Of course, when I’m accepting the Nobel Prize for literature a dozen years from now, perhaps then the realization will hit. (You do know I’m joking, right?)

A few people responded that of course I was a writer, and they are right — I do write, therefore I am a writer. I even have two books published. But the question was: when did the realization hit? And it never did. My journey to becoming a writer was a long, smooth (or almost smooth; let’s just forget about those 200+ rejections) journey from first draft to second, from second draft to edits, from edits to proof to copy-edits, from proof to finished book. I saw so many copies of my proofs that when I received the final book, it never struck me as being different from the proofs I’d struggled over. Even the demarcation between being published and not being published was smeared. A month or so before A Spark of Heavenly Fire and More Deaths Than One showed up in print, I noticed that they were available from Second Wind Publishing as ebooks. I don’t know how long they’d been on the site, but their availability made me a published author, and I wasn’t aware of it.

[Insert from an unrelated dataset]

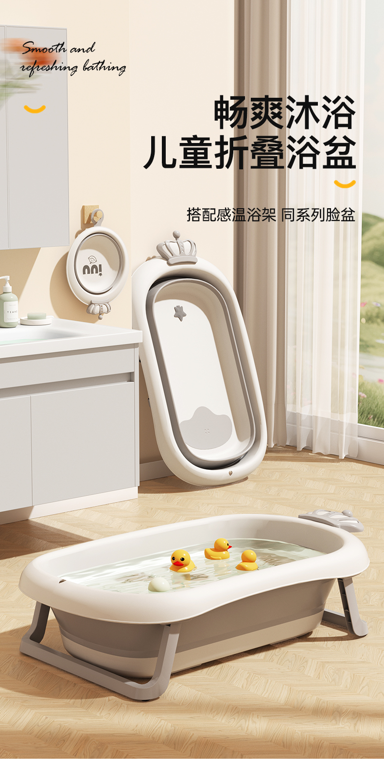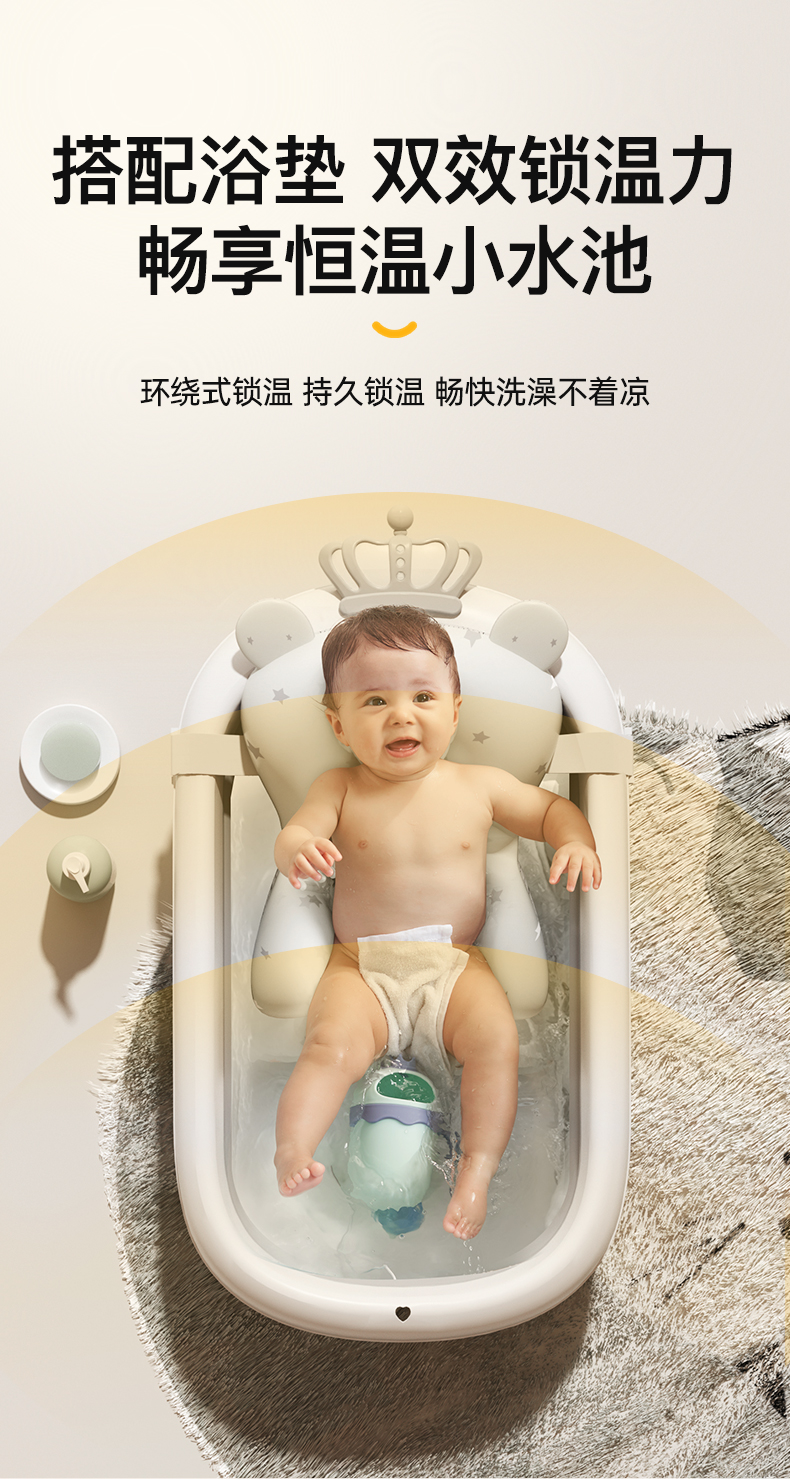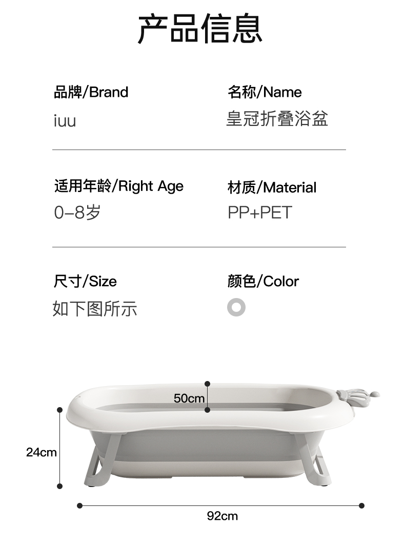 IUU婴儿洗澡盆宝宝浴盆幼儿坐躺折叠大号浴桶家用新生儿童用品

I’m sure if I was making a living off my writing, I’d define myself as a writer. And if I won the Nobel Prize, I might. But still  . . . I blog more than I write creatively, but I don’t call myself a blogger. I promote more than I blog, but I don’t consider myself a promoter. I sleep more than I promote, but I don’t call myself a sleeper. (Though some people might.)

But how I define myself isn’t the question. The question is: When did the realization “I am a writer” hit?  And my response holds true. I never did have that realization.